EXERCISE REQUIREMENTS
Set every line of the data down again exactly, and keep the pictures out.

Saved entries
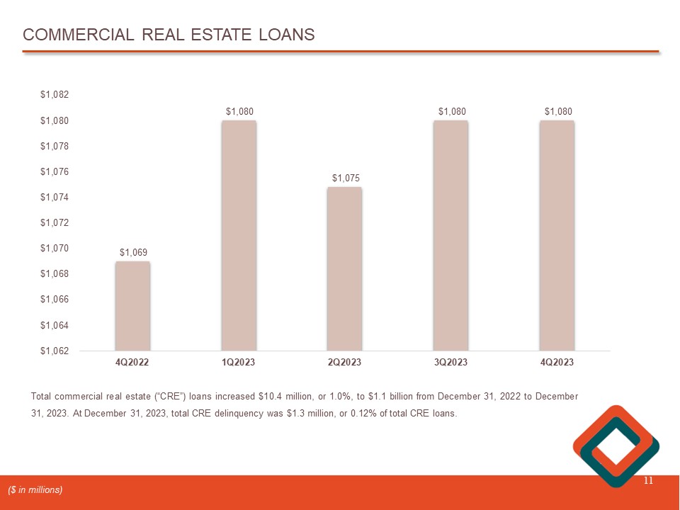 COMMERCIAL REAL ESTATE LOANS 11 $1,069 $1,080 $1,075 $1,080 $1,080 4Q2022 1Q2023 2Q2023 3Q2023 4Q2023 $1,062 $1,064 $1,066 $1,068 $1,070 $1,072 $1,074 $1,076 $1,078 $1,080 $1,082 Total commercial real estate (“CRE”) loans increased $ 10 . 4 million, or 1 . 0 % , to $ 1 . 1 billion from December 31 , 2022 to December 31 , 2023 . At December 31 , 2023 , total CRE delinquency was $ 1 . 3 million, or 0 . 12 % of total CRE loans . ($ in millions)
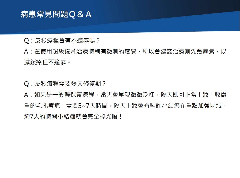 常見問題Q&A Q1:治療時會不會很痛? A:雷射擊發瞬間會有些微的刺癢感,在治療後僅有些微的熱脹感,大約在療程後一小時臉上微紅的狀況就會消失,請毋須過份擔心。因個人體質差異,退紅時間將略有不同。 Q2:如果覺得痛可以塗麻藥嗎? A:為療程舒適度及減低客戶緊張感,可視情況敷上表皮麻藥。但是,若是想要做肝斑術區表淺微血管的抑制,會因為麻藥導致血管收縮因而無法達到良好治療效果。治療前請與您的醫師討論是否需要使用。 Q3:會不會有副作用? A:雷射除斑可能出現之副作用為術後色術沉澱,雖然副作用出現的機率與施打的劑量有相對關係,但根據個人體質不同,副作用出現的機率也會有所差異。 Q4:治療後會有什麼反應? A:在治療後肝斑區域可能會呈現些微泛紅的狀況,請按照醫師建議方式照護。 Q5:什麼時候看得到效果? A:因個人治療的範圍以及嚴重程度皆有不同,屆時可能需要不同的療程次數,一般來說療程需要4-7次,建議每次治療間隔為4-6週。施打過後治療區域僅會呈現些微泛紅的情況,但每一次療程後您都可以感受到改善。建議與您的醫師討論並擬定最理想的治療計劃。 Q6:我適合接受探索皮秒雷射的肝斑治療嗎? A:若您有下列症狀,請和您的醫師討論後再決定是否進行治療喔! ►首先最重要的第一步驟是徹底清潔肌膚。 ►術前足夠的保濕能夠幫助舒緩熱刺激,降低熱能對皮膚的傷害,當膠原纖維層受熱產生重組時提供滋潤度,可縮短冷敷時間,並且降低術後副作用產生的可能性。 ►皮膚過敏、懷孕、服用光敏感藥物者或嚴重皮膚病患者暫時不建議雷射治療。 ►治療前兩週應避免過度日曬,如已接受了果酸或A酸治療,應徵詢醫師適合雷射的治療時機。
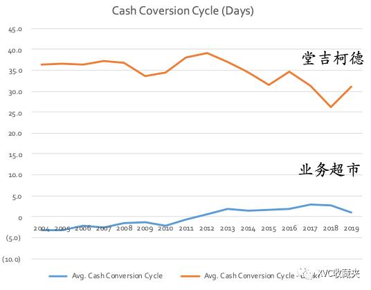 我们再看一下二者现金流,我在这里做了二者现金循环周期(cash coversion cycle,CCC)的一个对比。
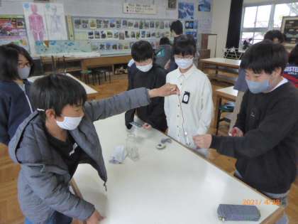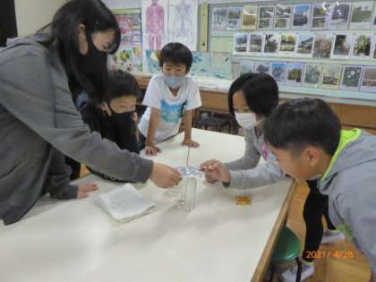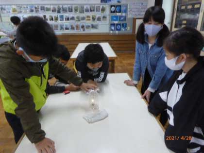 6年1組は理科室で実験をしています。ろうそくに火をつけて、びんの中に入れてふたをします。ふたをするとそのうちに火が消えてしまいます。何秒で火が消えるか、はかっています。
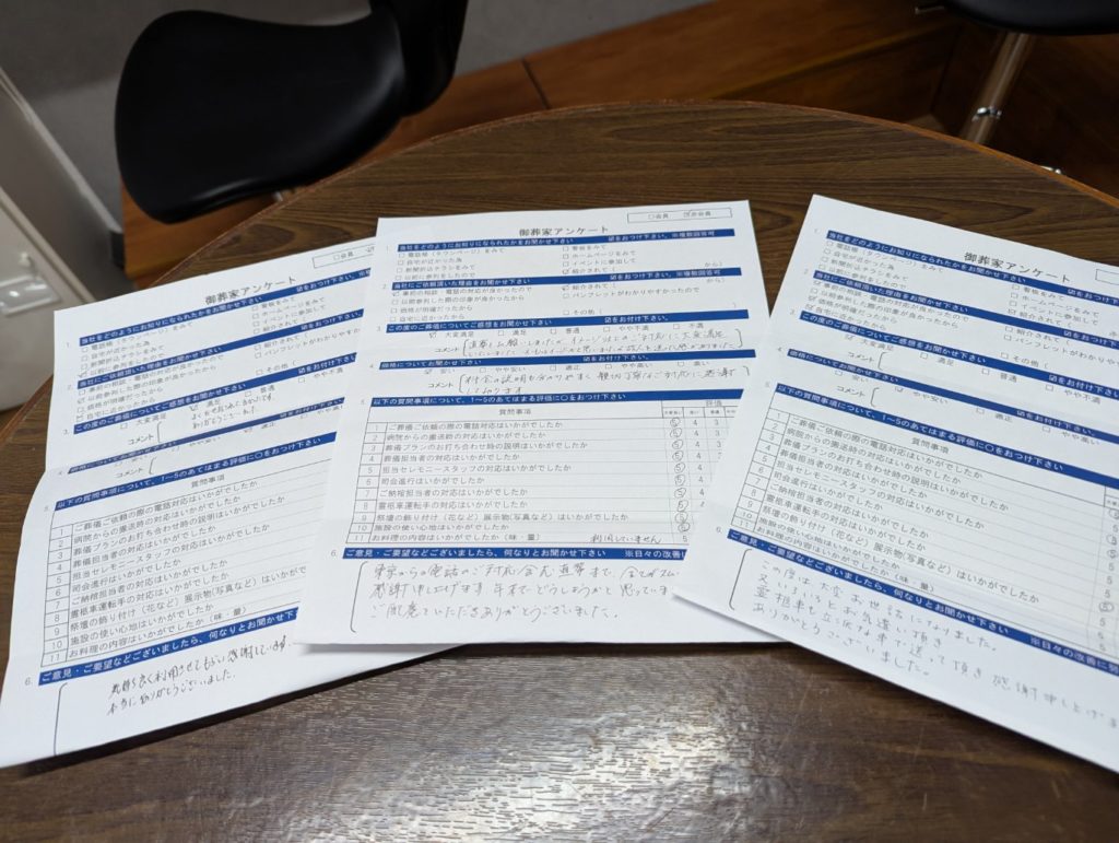 ご施行させていただいた喪家様より、アンケートにてご返答をいただきました。
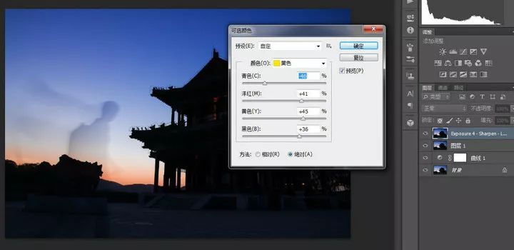 接下来进入可选颜色选项,调整黄色部分,增加色彩的鲜艳程度。
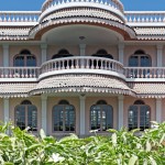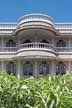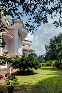 “The Sahyadri Guest House rises like a royal residence, with ruby red roofs and wide balconies overlooking its green environs”
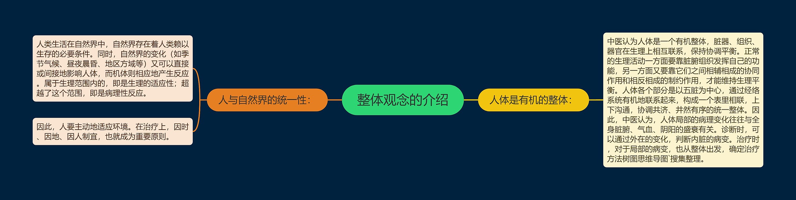 树图思维导图提供《整体观念的介绍》在线思维导图免费制作,点击“编辑”按钮,可对《整体观念的介绍》进行在线思维导图编辑,本思维导图属于思维导图模板主题,文件编号是:41310feaccbdb09dd4528a8befce1f94
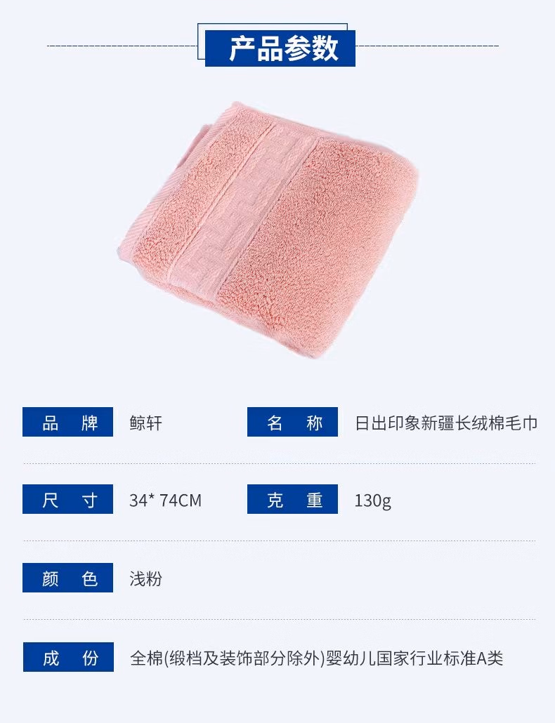 鲸轩 M803 34*74cm 130g 毛巾 (计价单位:条) 浅粉色
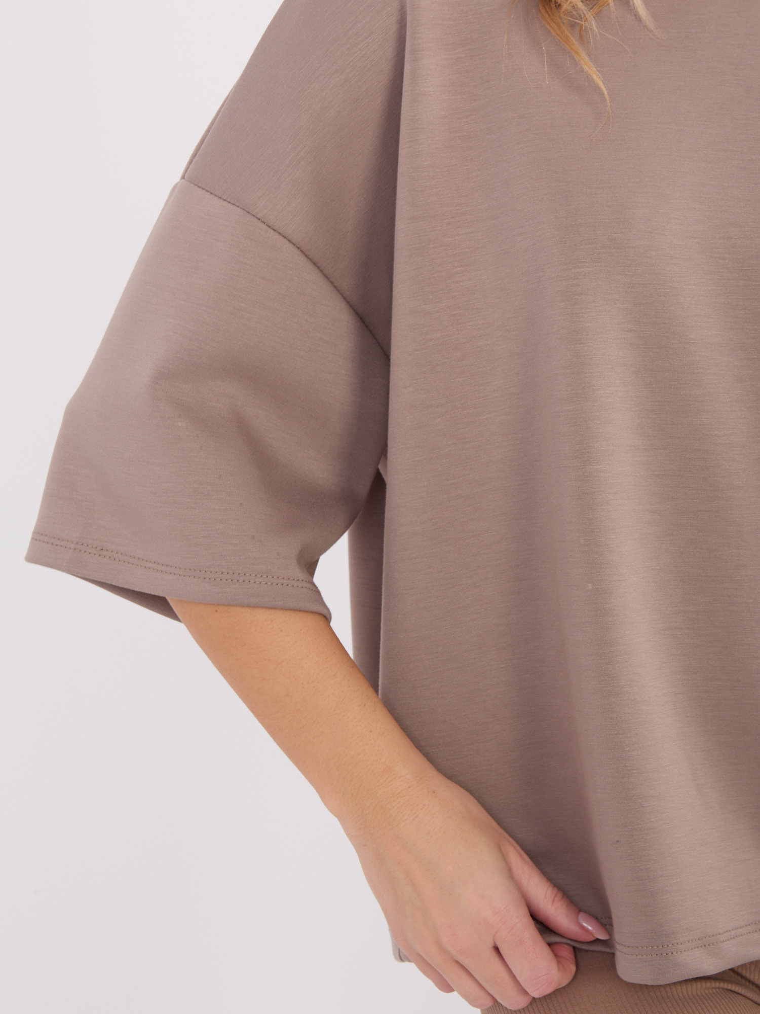 Ciemnobeżowa bluzka basic z rękawem 3/4
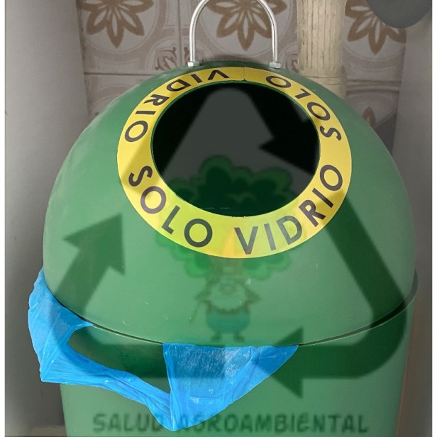 En el armario de debajo del fregadero de la cocina colocamos el mini iglú de Ecovidrio para envases de vidrio. Nosotros prácticamente no generamos residuos de vidrio, por lo que colocarlo aquí es donde menos nos "molesta".
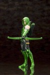 The Emerald Archer appears for the first time in the ARTFX+ lineup, posed with a wide stance as he scans for enemies and prepares to draw an arrow. Oliver wears his New 52 costume featuring a black and green outfit that leaves his arms mostly bare for shooting. With reinforced boots, a padded chest piece, and armored gauntlets Green Arrow is ready for anything, and the gold accents shine on his buckles and arrow emblem belt buckle. The archer holds his bright green bow sideways in front of him, ready for nocking an arrow from the full quiver on his back. Wearing his trademark green hood and mask, the focused hero still shows off a bit of his blonde hair and scruffy beard.
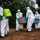 Photo: Health workers dressed in Ebola protective suits carry a coffin in the DRC. (AFP/Getty Images)

SOLUTION TO THIS PROBLEM
 COMMERCIAL REAL ESTATE LOANS 11 $1,069 $1,080 $1,075 $1,080 $1,080 4Q2022 1Q2023 2Q2023 3Q2023 4Q2023 $1,062 $1,064 $1,066 $1,068 $1,070 $1,072 $1,074 $1,076 $1,078 $1,080 $1,082 Total commercial real estate (“CRE”) loans increased $ 10 . 4 million, or 1 . 0 % , to $ 1 . 1 billion from December 31 , 2022 to December 31 , 2023 . At December 31 , 2023 , total CRE delinquency was $ 1 . 3 million, or 0 . 12 % of total CRE loans . ($ in millions)
 常見問題Q&A Q1:治療時會不會很痛? A:雷射擊發瞬間會有些微的刺癢感,在治療後僅有些微的熱脹感,大約在療程後一小時臉上微紅的狀況就會消失,請毋須過份擔心。因個人體質差異,退紅時間將略有不同。 Q2:如果覺得痛可以塗麻藥嗎? A:為療程舒適度及減低客戶緊張感,可視情況敷上表皮麻藥。但是,若是想要做肝斑術區表淺微血管的抑制,會因為麻藥導致血管收縮因而無法達到良好治療效果。治療前請與您的醫師討論是否需要使用。 Q3:會不會有副作用? A:雷射除斑可能出現之副作用為術後色術沉澱,雖然副作用出現的機率與施打的劑量有相對關係,但根據個人體質不同,副作用出現的機率也會有所差異。 Q4:治療後會有什麼反應? A:在治療後肝斑區域可能會呈現些微泛紅的狀況,請按照醫師建議方式照護。 Q5:什麼時候看得到效果? A:因個人治療的範圍以及嚴重程度皆有不同,屆時可能需要不同的療程次數,一般來說療程需要4-7次,建議每次治療間隔為4-6週。施打過後治療區域僅會呈現些微泛紅的情況,但每一次療程後您都可以感受到改善。建議與您的醫師討論並擬定最理想的治療計劃。 Q6:我適合接受探索皮秒雷射的肝斑治療嗎? A:若您有下列症狀,請和您的醫師討論後再決定是否進行治療喔! ►首先最重要的第一步驟是徹底清潔肌膚。 ►術前足夠的保濕能夠幫助舒緩熱刺激,降低熱能對皮膚的傷害,當膠原纖維層受熱產生重組時提供滋潤度,可縮短冷敷時間,並且降低術後副作用產生的可能性。 ►皮膚過敏、懷孕、服用光敏感藥物者或嚴重皮膚病患者暫時不建議雷射治療。 ►治療前兩週應避免過度日曬,如已接受了果酸或A酸治療,應徵詢醫師適合雷射的治療時機。
 我们再看一下二者现金流,我在这里做了二者现金循环周期(cash coversion cycle,CCC)的一个对比。
 6年1組は理科室で実験をしています。ろうそくに火をつけて、びんの中に入れてふたをします。ふたをするとそのうちに火が消えてしまいます。何秒で火が消えるか、はかっています。
 ご施行させていただいた喪家様より、アンケートにてご返答をいただきました。
 接下来进入可选颜色选项,调整黄色部分,增加色彩的鲜艳程度。
 “The Sahyadri Guest House rises like a royal residence, with ruby red roofs and wide balconies overlooking its green environs”
 树图思维导图提供《整体观念的介绍》在线思维导图免费制作,点击“编辑”按钮,可对《整体观念的介绍》进行在线思维导图编辑,本思维导图属于思维导图模板主题,文件编号是:41310feaccbdb09dd4528a8befce1f94
 鲸轩 M803 34*74cm 130g 毛巾 (计价单位:条) 浅粉色
 Ciemnobeżowa bluzka basic z rękawem 3/4
 En el armario de debajo del fregadero de la cocina colocamos el mini iglú de Ecovidrio para envases de vidrio. Nosotros prácticamente no generamos residuos de vidrio, por lo que colocarlo aquí es donde menos nos "molesta".
 The Emerald Archer appears for the first time in the ARTFX+ lineup, posed with a wide stance as he scans for enemies and prepares to draw an arrow. Oliver wears his New 52 costume featuring a black and green outfit that leaves his arms mostly bare for shooting. With reinforced boots, a padded chest piece, and armored gauntlets Green Arrow is ready for anything, and the gold accents shine on his buckles and arrow emblem belt buckle. The archer holds his bright green bow sideways in front of him, ready for nocking an arrow from the full quiver on his back. Wearing his trademark green hood and mask, the focused hero still shows off a bit of his blonde hair and scruffy beard.
 Photo: Health workers dressed in Ebola protective suits carry a coffin in the DRC. (AFP/Getty Images)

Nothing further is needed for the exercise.